━━ Raw data
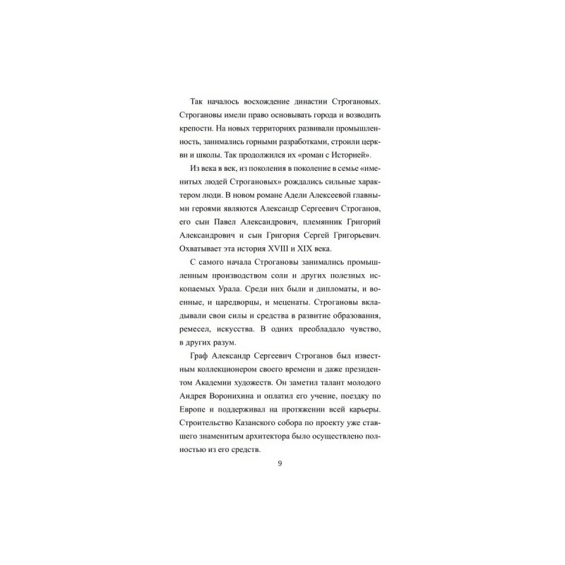 Перед вами роман-хроника о самых заметных представителях знаменитого рода Строгановых, живших в конце XVIII и в XIX столетиях. Один из Строгановых увлекся идеями французских философов и, поддавшись порыву бунтарства, даже стал членом якобинского клуба. Другой Строганов, человек широко образованный, слишком поддавался чувствам. Зато третий Строганов, на редкость разумный человек, очень рано поставил себе великую цель давать бесплатное образование талантливым российским юношам из простых семей и способствовать народному просвещению. Писатель Адель Алексеева-Созонова изучает русскую историю не по учебникам, а по документам, касающимся жизни представителей знаменитых русских династий. Беллетризованная форма повествований знаменитых русских династий. Беллетризованная форма повествований пробуждает большой интерес к русской истории.
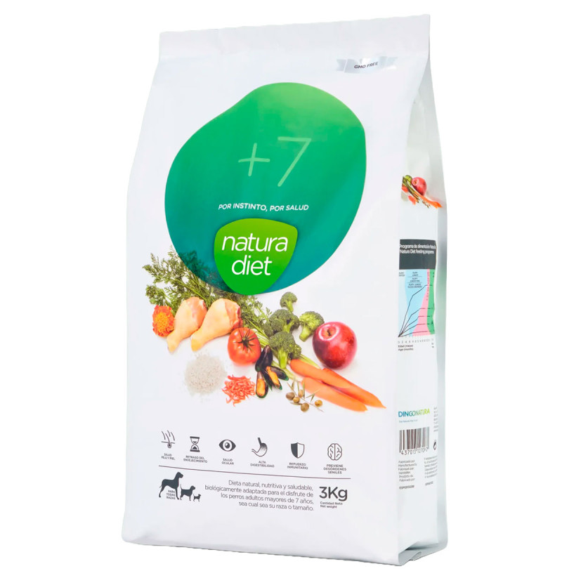 Con Natura Diet +7 en la etapa de madurez, intentamos suplir deficiencias anteriores debidas a alimentos de baja calidad, proteger su sistema enzimático y osteoarticular, ralentizar sus desórdenes seniles, cuidar su mucosa y flora intestinales
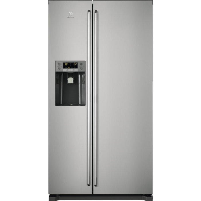 Frigorífico Americano de 1,78 m, congelador No Frost livre de gelo, com funções de refrigeração e congelação rápidas, Dispensador de água e gelo, Display LCD na Porta, iluminação interior LED, Look Inox
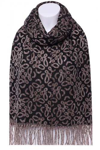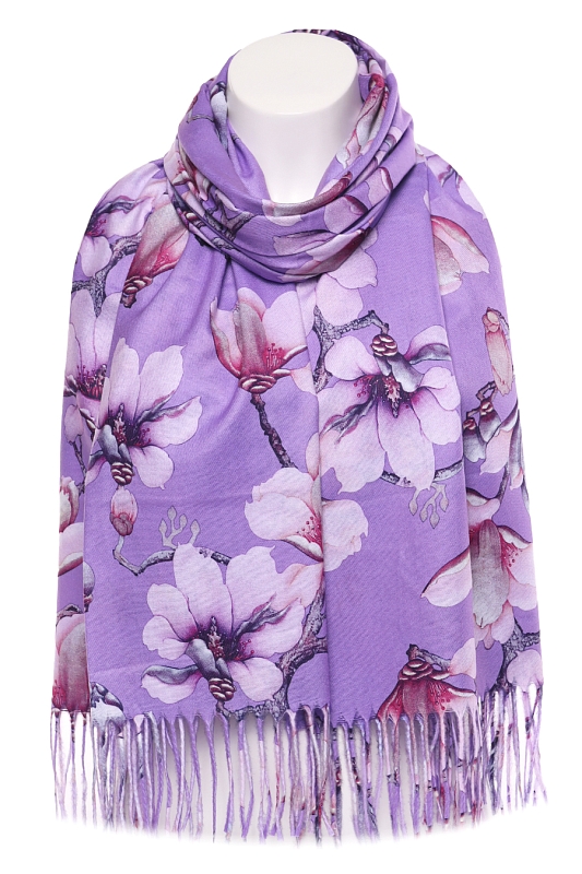 Мягкий, плотный палантин. Одна сторона - крупные цветы, другая - мелкие цветы. Края палантина заканчиваются кромкой, концы - бахрома.
━━━━
**What the task requires**
Please output all of the data exactly as given, omitting any images it holds.

**Result**
 Перед вами роман-хроника о самых заметных представителях знаменитого рода Строгановых, живших в конце XVIII и в XIX столетиях. Один из Строгановых увлекся идеями французских философов и, поддавшись порыву бунтарства, даже стал членом якобинского клуба. Другой Строганов, человек широко образованный, слишком поддавался чувствам. Зато третий Строганов, на редкость разумный человек, очень рано поставил себе великую цель давать бесплатное образование талантливым российским юношам из простых семей и способствовать народному просвещению. Писатель Адель Алексеева-Созонова изучает русскую историю не по учебникам, а по документам, касающимся жизни представителей знаменитых русских династий. Беллетризованная форма повествований знаменитых русских династий. Беллетризованная форма повествований пробуждает большой интерес к русской истории.
 Con Natura Diet +7 en la etapa de madurez, intentamos suplir deficiencias anteriores debidas a alimentos de baja calidad, proteger su sistema enzimático y osteoarticular, ralentizar sus desórdenes seniles, cuidar su mucosa y flora intestinales
 Frigorífico Americano de 1,78 m, congelador No Frost livre de gelo, com funções de refrigeração e congelação rápidas, Dispensador de água e gelo, Display LCD na Porta, iluminação interior LED, Look Inox
 Мягкий, плотный палантин. Одна сторона - крупные цветы, другая - мелкие цветы. Края палантина заканчиваются кромкой, концы - бахрома.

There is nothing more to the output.